Usefully, our inability (or unwillingness) to evaluate the expression does not prevent further syntax errors from being discovered and repaired:

>>> (2+)+3+4+
Parsing error at line 1 column 4. Repair sequences found:
   1: Insert Int
Parsing error at line 1 column 10. Repair sequences found:
   1: Insert Int
Unable to evaluate expression.

Using a Result type allows the user arbitrary control over the classes of syntax errors they are prepared to deal with or not. For example, we could remove the panic from parse_int by making the rules have a type Result<u64, String> where the Err case would report a string such as “18446744073709551616 cannot be represented as a u64” for the first unrepresentable u64 in the user's input. If we wanted to report all unrepresentable u64s, we could have the rules have a type Result<u64, Vec<String>>, though merging together the errors found on the left and right hand sides of the + and * operators requires adding a few lines of code.

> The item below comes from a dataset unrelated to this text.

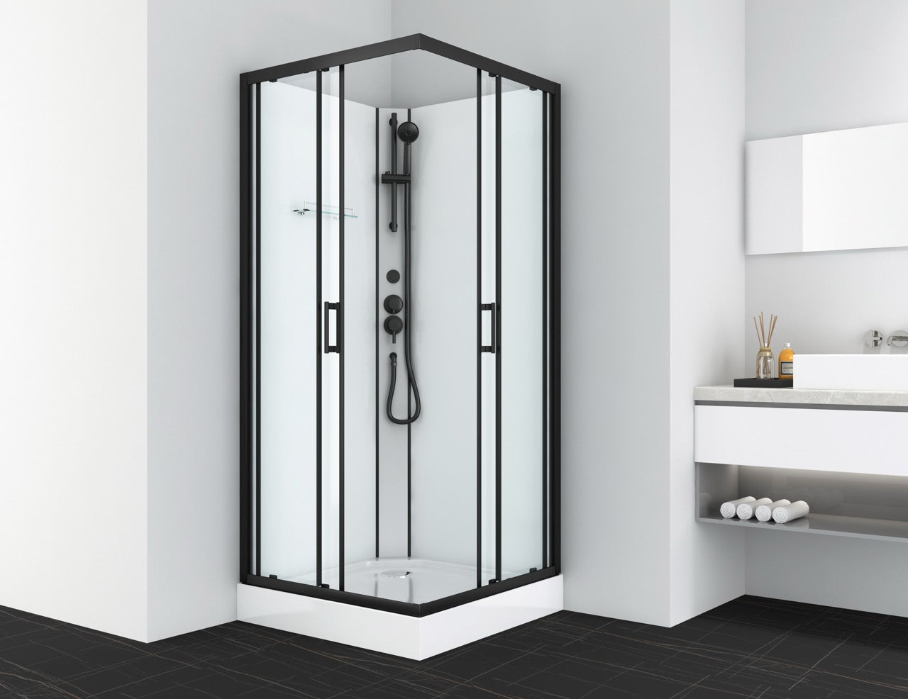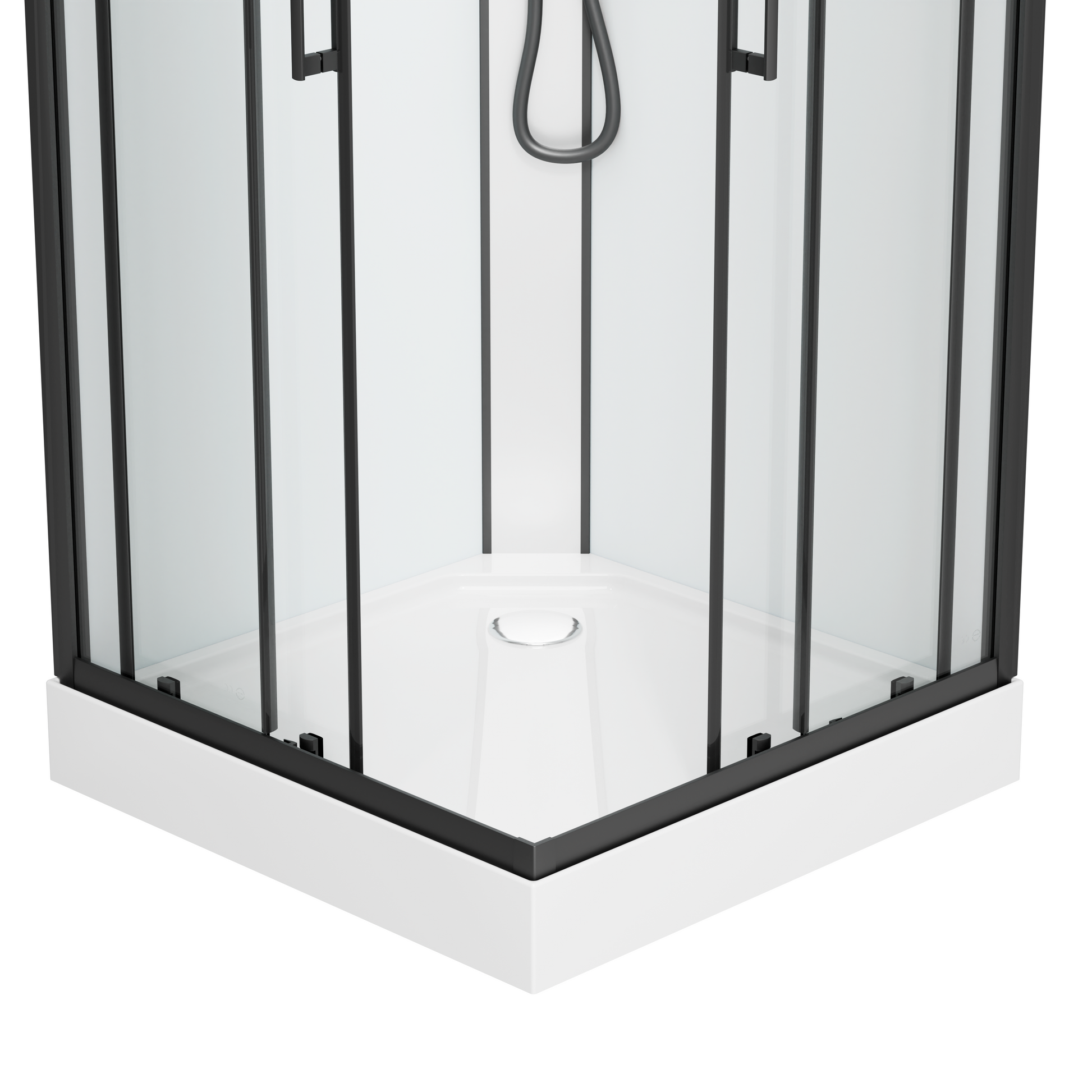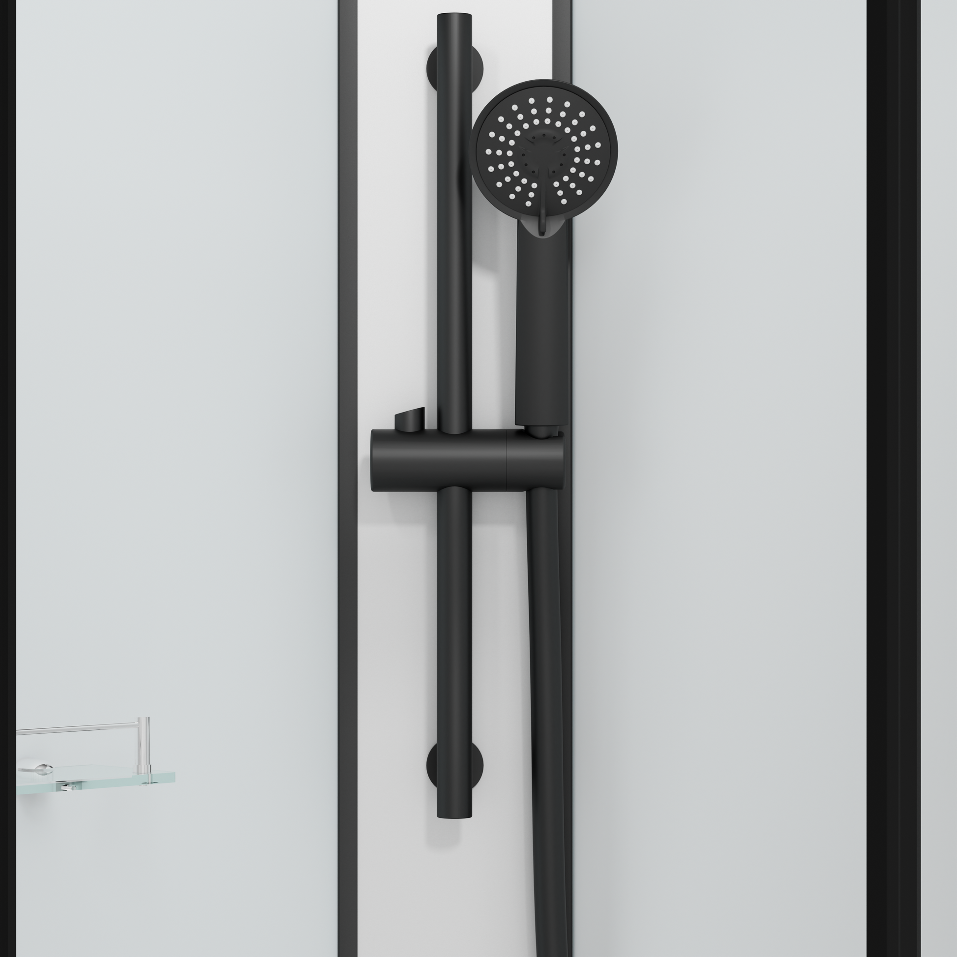 Die Denver Black punktet mit Sicherheitsglas von höchster Qualität: Die Tür und das Glasfixteil sind aus 5 mm starkem Sicherheitsglas gefertigt, während die Rückwand aus 4 mm weißem Sicherheitsglas besteht, das nicht nur Schutz bietet, sondern auch das Licht im Raum hell und einladend verteilt. Die schwarzen Alu-Profile und die doppelten ABS-Griffe in Schwarz verstärken die robuste Konstruktion und unterstreichen das moderne Design der Kabine.

Making use of `%epp` for easier to read repair sequences

By default, pretty-printing lexeme types prints out their identifier in the grammar. These rarely match what the user would expect:

>>> 2 3
Parsing error at line 1 column 3. Repair sequences found:
   1: Delete 3
   2: Insert PLUS
   3: Insert MUL
Result: 2

What are PLUS and MUL? These might be semi-obvious, but many lexeme types are far from obvious. grmtools allows users to provide human friendly versions of these for error recovery using the %epp declaration in grammars. For example, we can extend the calc grammar as follows:

%epp PLUS "+"
%epp MUL "*"
%epp LBRACK "("
%epp RBRACK ")"
%epp INT "Int"

leading to the following output:

>>> 2 3
Parsing error at line 1 column 3. Repair sequences found:
   1: Delete 3
   2: Insert +
   3: Insert *
Result: 2

Biasing repair sequences

Depending on your language, some repair sequences are better than others. For example, sometimes Insert repairs are less welcome than Delete repairs:

>>> 2 + + 3
Parsing error at line 1 column 3. Repair sequences found:
   1: Insert INT
   2: Delete +
Unable to evaluate expression.
>>> 2 + + 3
Parsing error at line 1 column 3. Repair sequences found:
   1: Delete +
   2: Insert INT
Result: 5

Why does the same input sometimes produce a result and sometimes fail to produce a result? The problem is that 2 + + 3 has two repair sequences Delete + and Insert Int. As things stand, both are equally good, and so one is chosen non-deterministically. If Insert Int is chosen, we hit the Err case from earlier, and fail to produce a result; if the Delete case is chosen, we can produce a result.

To lessen this problem, the %avoid_insert L directive causes grmtools to prefer repair sequences that don't include Insert L over those that do. Intuitively, we want to annotate lexemes whose value we care about in this way (e.g. INT), but we don't need to worry about lexemes whose value we never expect (e.g. (, + etc.). In the case of the calculator grammar a good use of this directive is as follows:

%avoid_insert "INT"

With this, the Delete + repair sequence is consistently favoured over Insert INT.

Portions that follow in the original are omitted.